New players do not give a shit about 100 slightly different empty wastelands with some coloured clouds and different skyboxes in them. There are other problems as well (see Karlotta's post) but as someone who has over ten years tried to get a huge number of friends, both IRL and online, into Discovery, I am literally telling you that the number one issue is that there is shit-all to actually DO. Veterans do not realise (or don't care about, although I can already hear them screeching their vehement denials) this because they have naturally pidgeonholed themselves into a clique-based roleplay system. This isn't really anything new - there are some roleplay communities that are even worse off than Disco for this sort of thing - but as a legitimate fresh face in this community, how hard do you honestly think it is to manage to even find someone in-game, let alone begin the process of integrating into a purportedly organic (it isn't) roleplay environment? It can take upwards of twenty fucking minutes to actually encounter someone in game, and that's assuming they sit still to let you catch up to them!
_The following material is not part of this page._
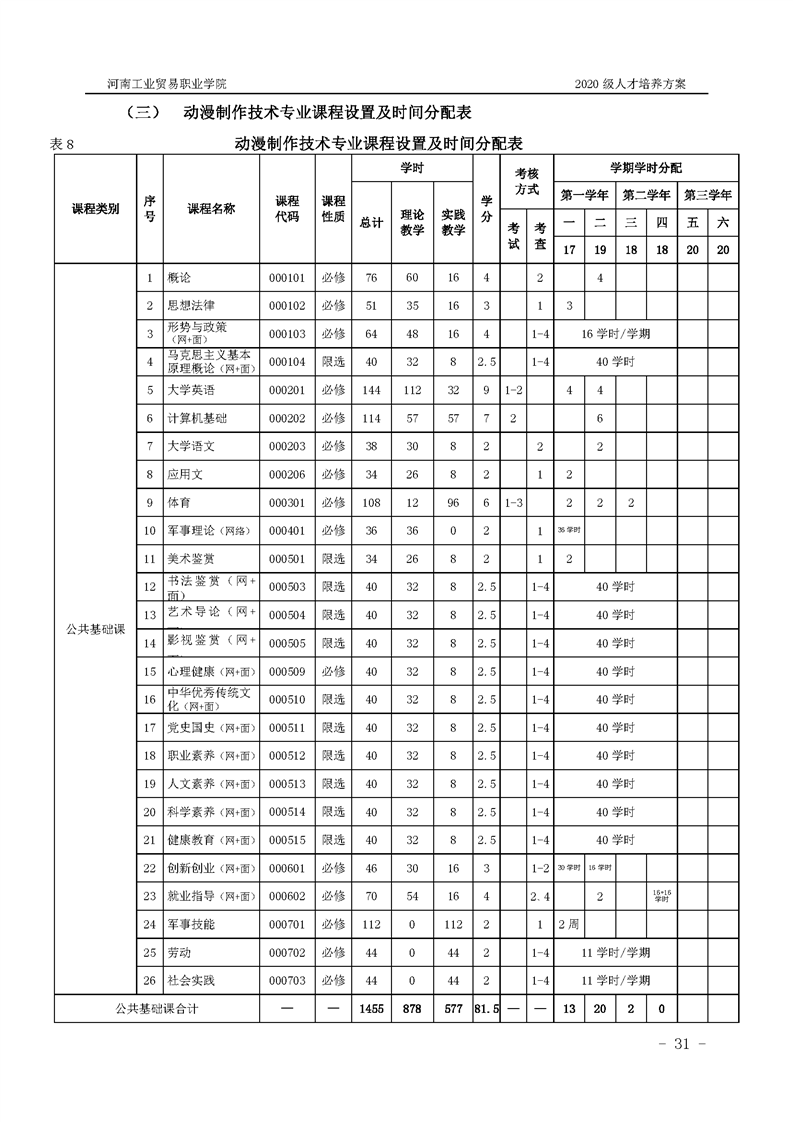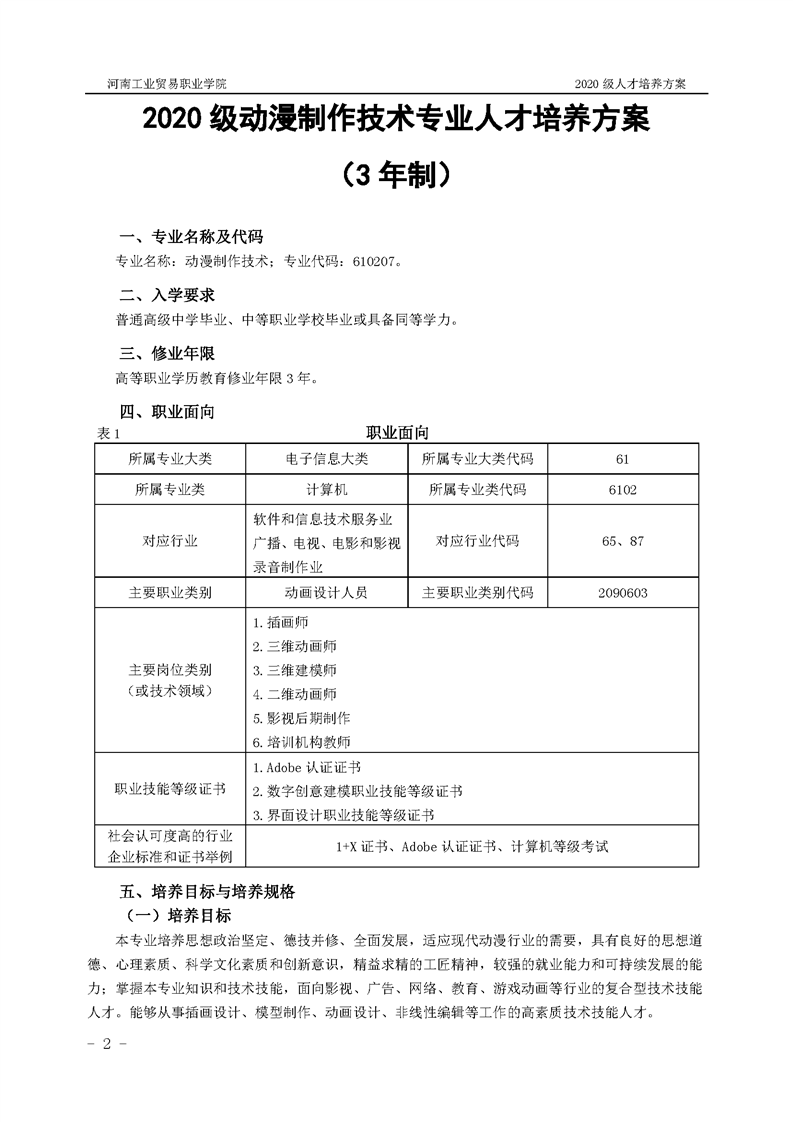 48.2020級(jí)動(dòng)漫制作技術(shù)專業(yè)(3年制)人才培養(yǎng)方案

The player density on Discovery is a joke and the in-game population, while it might be rising, would need to be at least three times if not five times its current average to comfortably populate the number of systems that bloat and choke the game like tumours. Minutes upon minutes of wasted travel time flying through these endless empty systems to actually find something worth either talking to or shooting at. This is the point at which all the detractors of this line of thought will barrel in whinging about an alternate agenda, something akin to wanting the whole server shrunk to the size of Connecticut so me and the rest of the notorious PvPwhores can farm blues off innocent, angelic 'roleplayers' till the end of time, but in my personal opinion you are either blind or deluded if you think world size has anything to do with the attraction of games and communities like this one. This is not something like Arelith, with an active and motivated DM team who bring life to the tiny, hidden little corners of their expansive and atmospheric world, and give those places a reason to exist. This is not Colonial Marines, with a map size that actually fits its swelling playerbase and provides ample opportunity to enjoy the (admittedly shaky) level of roleplay that server offers. This is a swollen mess of a mod for an incredibly old game, laden with so much extra non-content (nontent?) that admittedly might have potential if the concept of a dynamic event here extended beyond "here are some NPC ships to shoot at."
This is one of the most active forum boards I've ever seen in comparison to its in-game activity. I want to know your reasons why you think so few of those people are jumping in-game on a regular basis, and why people would rather spend time sitting chatting about the game on the forums (or on Skype, God forbid, since we're stuck in the mid 00s here) they think they enjoy rather than actually going and playing it. From where I'm sitting, and from the new players I've talked to after trying to coax them in during the period where I was actually active, it's not hard to figure out. At least the system bloat is a problem that's relatively easily fixed - archaic, awkward, and frankly user-hostile game mechanics like the ones Karlotta mentions will take a hell of a lot more effort.
It is endless circle, as long things will not change, AALLLLLLLLLL those Biter-veterans refuse to log-in, and, in same time, people in charge dont give a damn and stubornly refuse to change things.